Friday, 04 July, 2014
Early to rise today

Early to rise today, which was a novelty for some of the junior members of the team, and after filling ourselves with breakfast made by our lovely and talented housekeeper, Freda, we headed into KCMC.

It became clear that there had been a major RTA in the morning, an all too frequent occurrence here nowadays. A bus had crashed and 50 people had been injured. We watched as they arrived in the backs of various forms of transport, with visibly broken limbs and cuts, masking worse injuries underneath.  Everyone was helping where they could but the stream of people was clearly stretching the resources of an A&E used to dealing with these unfortunate events. The wards, corridors and theatre were quickly swamped. Many patients were in need of orthopedic surgery for correction of fractures and diagnostic surgery that is not always available.

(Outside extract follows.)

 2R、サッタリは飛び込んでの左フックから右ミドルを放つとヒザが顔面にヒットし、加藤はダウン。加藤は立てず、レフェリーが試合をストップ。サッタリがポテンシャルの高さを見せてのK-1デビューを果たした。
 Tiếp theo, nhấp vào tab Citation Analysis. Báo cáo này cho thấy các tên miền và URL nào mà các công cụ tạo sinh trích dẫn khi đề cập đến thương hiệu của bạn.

After the unrest of the morning we attended a meeting with the board of directors lead by the acting hospital director, Professor Olomi. There we learnt of its recent successes and the difficulties faced by the hospital despite limited resources. This was reiterated when we had our meeting with Sr Brenda, the new Matron, where we learnt about the successes of nursing training, but the limited number of beds compared to patients at KCMC.

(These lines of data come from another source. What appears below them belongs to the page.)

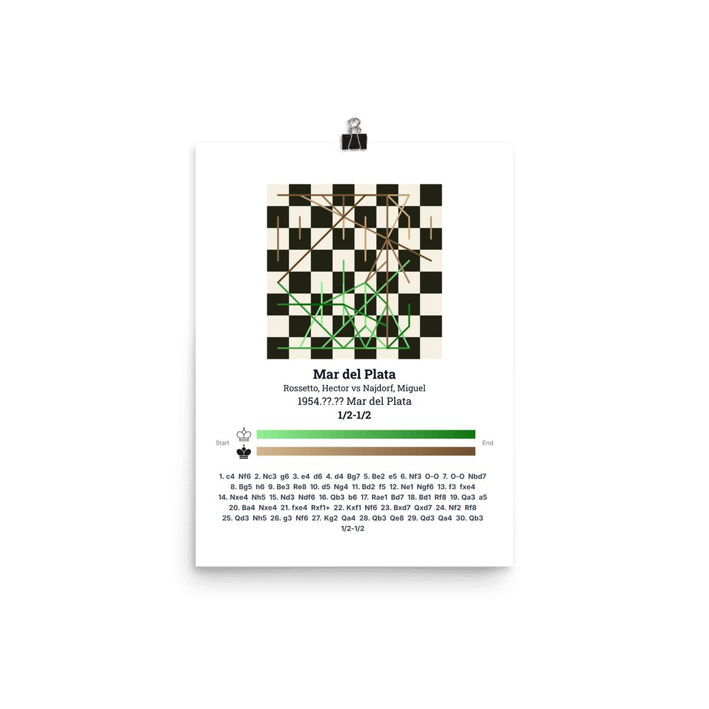 Museum-quality poster on thick, durable matte paper. A sharp, clean look for any chess visualisation.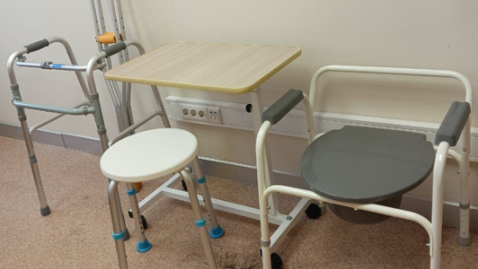 Средства реабилитации представлены функциональной медицинской кроватью, противопролежневым матрасом, складной механической кресло-коляской. А также в пункте проката имеются костыли подмышечные металлические, трость опорная с функцией по регулированию высоты, ходунки, кресло-туалет медицинский, столик прикроватный, стул для ванн/душа, подголовник для мытья головы.
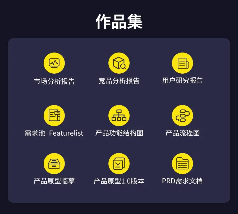学习与实战兼顾,7次大作业帮你零基础打造属于你自己的产品实战项目。课程学习过程中所输出的各项作业产物,都会经过资深导师的精细批改和指导,整理成作品集就可以成为你产品求职中的就业利器!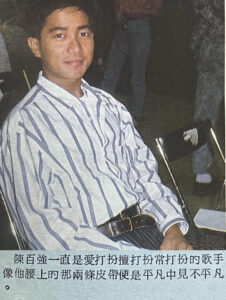 陳百強一直是愛打扮擅打扮常打扮的歌手像他腰上的那兩條皮帶便是平凡中見不平凡.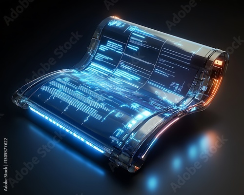The watermark will not be included on Wall mural.: Futuristic flexible digital display showcasing projected data and technology

After this we made our way to the medical school to see about arranging some teaching sessions and happened upon Dr Kondo giving ATLS-based trauma teaching (Advanced Trauma Life Support)for the 5th year medical students. They provide courses for their final years into trauma management and emergency medicine. We were able to sit in on Dr Kondo’s lecture and it was encouraging to see the students’ enthusiasm and their engagement.

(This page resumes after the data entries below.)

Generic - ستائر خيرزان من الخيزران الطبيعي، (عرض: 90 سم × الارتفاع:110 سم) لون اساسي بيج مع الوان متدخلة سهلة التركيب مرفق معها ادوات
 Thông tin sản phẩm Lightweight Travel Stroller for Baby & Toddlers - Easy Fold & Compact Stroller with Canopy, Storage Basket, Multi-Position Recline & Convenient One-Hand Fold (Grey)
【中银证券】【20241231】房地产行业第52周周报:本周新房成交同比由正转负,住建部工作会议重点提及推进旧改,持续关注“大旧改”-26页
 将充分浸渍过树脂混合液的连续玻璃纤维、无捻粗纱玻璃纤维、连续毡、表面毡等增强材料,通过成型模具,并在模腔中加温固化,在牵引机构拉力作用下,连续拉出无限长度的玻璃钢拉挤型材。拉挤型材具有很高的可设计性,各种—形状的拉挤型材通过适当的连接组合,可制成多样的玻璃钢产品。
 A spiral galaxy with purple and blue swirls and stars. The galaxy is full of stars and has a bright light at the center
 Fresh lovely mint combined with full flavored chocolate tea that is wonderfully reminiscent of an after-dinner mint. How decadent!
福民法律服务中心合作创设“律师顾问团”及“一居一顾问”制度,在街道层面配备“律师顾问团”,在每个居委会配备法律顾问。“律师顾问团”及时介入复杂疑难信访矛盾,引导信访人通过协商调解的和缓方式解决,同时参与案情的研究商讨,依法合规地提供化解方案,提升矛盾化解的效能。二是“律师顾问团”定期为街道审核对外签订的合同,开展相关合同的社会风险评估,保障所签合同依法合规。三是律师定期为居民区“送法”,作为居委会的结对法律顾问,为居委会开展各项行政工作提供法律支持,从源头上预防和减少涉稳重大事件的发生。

In the afternoon we separated and some members of the team saw their first glimpse of the surgical ward where burns patients were treated. It was clear that there were many unfortunate stories and work to be done. Planning was set in place to source extra dressings and materials that were urgently required. The brand new burns unit is built, but not open yet, with staffing and access issues still to be resolved.

The rest of the team spent the afternoon observing the practical sessions given to students including emergency cricothyroidotomy and chest drain insertion on a goat. Despite their best efforts the goat did not pull through, but the medical students got some excellent practice and a tasty meal. 

The team as usual discussed and debriefed the day’s events over a meal in the evening.